Odostomia orariana

Scientific classification
- Kingdom: Animalia
- Phylum: Mollusca
- Class: Gastropoda
- Family: Pyramidellidae
- Genus: Odostomia
- Species: O. orariana
- Binomial name: Odostomia orariana Dall & Bartsch, 1909
- Synonyms: Odostomia (Ividella) orariana Dall & Bartsch, 1909 (basionym)

= Odostomia orariana =

- Genus: Odostomia
- Species: orariana
- Authority: Dall & Bartsch, 1909
- Synonyms: Odostomia (Ividella) orariana Dall & Bartsch, 1909 (basionym)

Species of gastropod

Odostomia orariana is a species of sea snail, a marine gastropod mollusc in the family Pyramidellidae, the pyrams and their allies.

==Description==
The length of an adult shell measures 2 mm. The milk-white shell is elongate, conic, and turreted. The whorls of the protoconch are deeply obliquely immersed in the first of the succeeding turns, above which only the tilted edge of the last volution projects.

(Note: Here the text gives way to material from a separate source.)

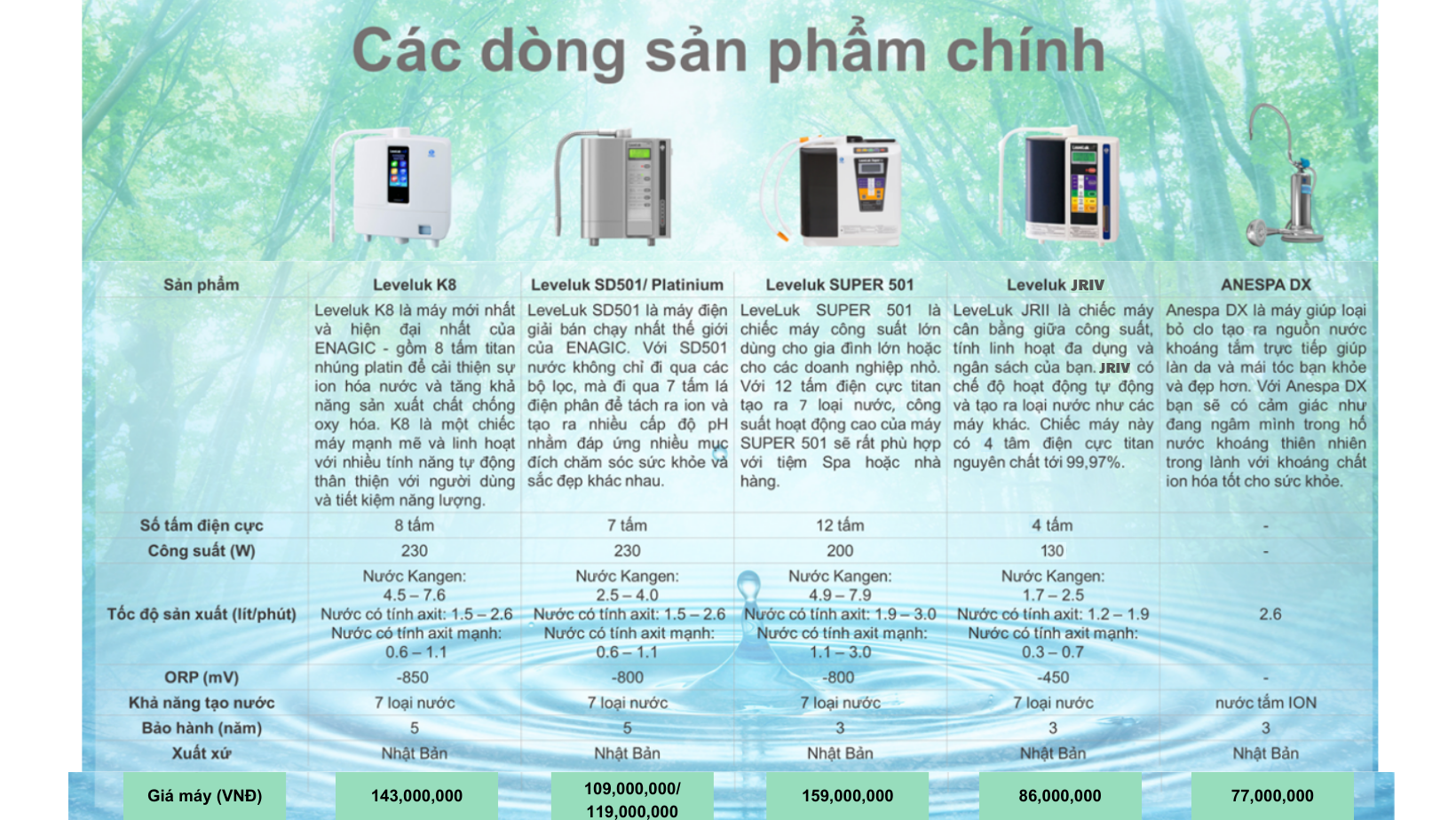 01. NƯỚC ĐỂ UỐNG: NƯỚC TRUNG TÍNH PH 7.0 VÀ NƯỚC KIỀM PH 8.5- 9.0- 9.5

The six whorls of the teleoconch are strongly tabulately shouldered at the summit, flat in the middle, and sloping suddenly toward the suture. They are ornamented by slender axial ribs, of which 15 occur upon the second and 18 upon the remaining whorls. In addition to the axial ribs, the whorls are marked between the sutures by two strong spiral keels, one of which is situated at the angle of the shoulder, the other at the posterior termination of the
anterior third between the sutures. The junctions of the axial ribs and spiral keels are very slightly nodulous. The sutures are deeply channeled. The periphery of the body whorl are well rounded, marked by a spiral keel. The base of the shell is well rounded. It is marked by two spiral keels, which divide the space between the peripheral keel and the umbilical area into three equal parts, and the continuation of the axial ribs, which are fainter on the base than on the spire. The aperture is ovate. The posterior angle is obtuse. The outer lip is thin, rendered angular by the keels. The columella is slender, decidedly curved, reinforced by the base. The parietal wall is covered with a thin callus.

==Distribution==
This species occurs in the Pacific Ocean off Panama.